- Exercise instructions -
Restate the listing below word for word, pictures excluded.

- Information shown -
<<<<

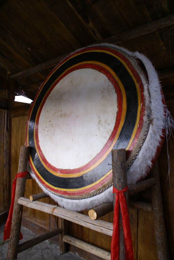 羌族羊皮鼓是打擊樂器,又名“羌鈴鼓”,羌語稱“切歐?!薄扒袩釀e日木”。有兩種形狀,一種是圓形鼓面的鈴鼓,直徑大約30—40厘米。鼓邊寬約15厘米,鼓柄置于正中,抓柄的長度與鼓面的直徑相同,左手從背面握柄。另一種是扇子形狀的鈴鼓,鼓框和鼓柄為鐵制,抓柄端有一裝飾環(huán)圈,圈內串以數(shù)個銅錢。兩種形制鼓面均蒙羊皮,各鼓音高低不一,鼓錘為竹制,敲擊的一端略微呈弓形。羊皮鼓的打法和鼓點的節(jié)奏變化豐富。目前,搜集到的有硬三鞭、軟三鞭、野雞撲、偷點子、牛擦癢等十多種。這些鼓點穿插在每個唱段與舞蹈銜接變化中,使表演者在統(tǒng)一的步伐、統(tǒng)一的動作中,調節(jié)了節(jié)奏氣氛。由于表演具有即興式特點,表演者的技術嫻熟程度和思想情緒變化將直接影響技巧的發(fā)揮。羊皮鼓突出鼓的表演,氣氛熱烈歡快,動作粗獷質樸,如“禳星辰”動作,就是在鼓點、唱腔、動作的有機結合中,表現(xiàn)出凜冽的氣勢。羊皮鼓在表演中,不僅給舞蹈提供了節(jié)奏,豐富了氣氛,而且鼓點的擊打更形成和衍化出許多獨特的舞蹈語匯。
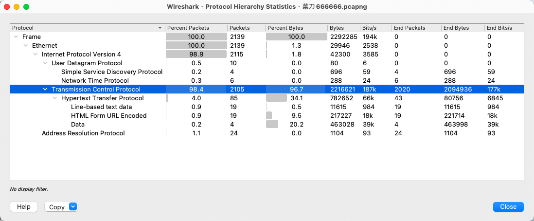 - 注意,我发现一个问题。比如说如果一个 http 包太大,被拆分成3个包。那么在包列表面板中,前两个包可能只被识别为 tcp 流量包,只有最后一个包才被识别为 http 流量包。啊不,甚至可能出现所有拆分包都只能被识别为 tcp 流量的情况。好自为之吧 🙏
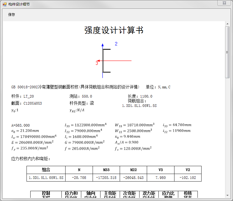 冷彎構(gòu)件的設(shè)計(jì)在PV_SAP中完成,顯示結(jié)果可以顯示應(yīng)力比,也可以顯示冷彎構(gòu)件的設(shè)計(jì)過(guò)程。使用冷彎設(shè)計(jì)細(xì)節(jié)功能,可以查看單構(gòu)件在所有荷載情況下的強(qiáng)度設(shè)計(jì)結(jié)果和穩(wěn)定設(shè)計(jì)結(jié)果(圖12)。單擊設(shè)計(jì)過(guò)程,可以查看設(shè)計(jì)過(guò)程中使用的各項(xiàng)參數(shù)(圖13)。

>>>>

- Your solution -
 羌族羊皮鼓是打擊樂器,又名“羌鈴鼓”,羌語稱“切歐?!薄扒袩釀e日木”。有兩種形狀,一種是圓形鼓面的鈴鼓,直徑大約30—40厘米。鼓邊寬約15厘米,鼓柄置于正中,抓柄的長度與鼓面的直徑相同,左手從背面握柄。另一種是扇子形狀的鈴鼓,鼓框和鼓柄為鐵制,抓柄端有一裝飾環(huán)圈,圈內串以數(shù)個銅錢。兩種形制鼓面均蒙羊皮,各鼓音高低不一,鼓錘為竹制,敲擊的一端略微呈弓形。羊皮鼓的打法和鼓點的節(jié)奏變化豐富。目前,搜集到的有硬三鞭、軟三鞭、野雞撲、偷點子、牛擦癢等十多種。這些鼓點穿插在每個唱段與舞蹈銜接變化中,使表演者在統(tǒng)一的步伐、統(tǒng)一的動作中,調節(jié)了節(jié)奏氣氛。由于表演具有即興式特點,表演者的技術嫻熟程度和思想情緒變化將直接影響技巧的發(fā)揮。羊皮鼓突出鼓的表演,氣氛熱烈歡快,動作粗獷質樸,如“禳星辰”動作,就是在鼓點、唱腔、動作的有機結合中,表現(xiàn)出凜冽的氣勢。羊皮鼓在表演中,不僅給舞蹈提供了節(jié)奏,豐富了氣氛,而且鼓點的擊打更形成和衍化出許多獨特的舞蹈語匯。
 - 注意,我发现一个问题。比如说如果一个 http 包太大,被拆分成3个包。那么在包列表面板中,前两个包可能只被识别为 tcp 流量包,只有最后一个包才被识别为 http 流量包。啊不,甚至可能出现所有拆分包都只能被识别为 tcp 流量的情况。好自为之吧 🙏
 冷彎構(gòu)件的設(shè)計(jì)在PV_SAP中完成,顯示結(jié)果可以顯示應(yīng)力比,也可以顯示冷彎構(gòu)件的設(shè)計(jì)過(guò)程。使用冷彎設(shè)計(jì)細(xì)節(jié)功能,可以查看單構(gòu)件在所有荷載情況下的強(qiáng)度設(shè)計(jì)結(jié)果和穩(wěn)定設(shè)計(jì)結(jié)果(圖12)。單擊設(shè)計(jì)過(guò)程,可以查看設(shè)計(jì)過(guò)程中使用的各項(xiàng)參數(shù)(圖13)。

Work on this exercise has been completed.